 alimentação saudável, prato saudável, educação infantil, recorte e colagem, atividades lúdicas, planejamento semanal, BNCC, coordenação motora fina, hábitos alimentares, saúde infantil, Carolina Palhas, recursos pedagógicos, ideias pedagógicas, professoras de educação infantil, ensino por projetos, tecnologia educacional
* * *
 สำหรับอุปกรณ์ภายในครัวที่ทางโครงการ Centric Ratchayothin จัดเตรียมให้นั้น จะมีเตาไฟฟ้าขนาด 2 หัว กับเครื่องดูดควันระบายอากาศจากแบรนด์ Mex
---
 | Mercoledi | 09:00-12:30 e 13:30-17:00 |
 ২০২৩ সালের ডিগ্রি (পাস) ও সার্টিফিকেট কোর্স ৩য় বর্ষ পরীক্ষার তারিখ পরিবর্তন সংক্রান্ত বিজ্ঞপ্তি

- **Directions**
Please copy, exactly and with nothing else, the lines above beginning at the line that has "e 13:30-17:00 |" and ending with the line that has "২০২৩ সালের ডিগ্রি".

- **Solved problem**
 | Mercoledi | 09:00-12:30 e 13:30-17:00 |
 ২০২৩ সালের ডিগ্রি (পাস) ও সার্টিফিকেট কোর্স ৩য় বর্ষ পরীক্ষার তারিখ পরিবর্তন সংক্রান্ত বিজ্ঞপ্তি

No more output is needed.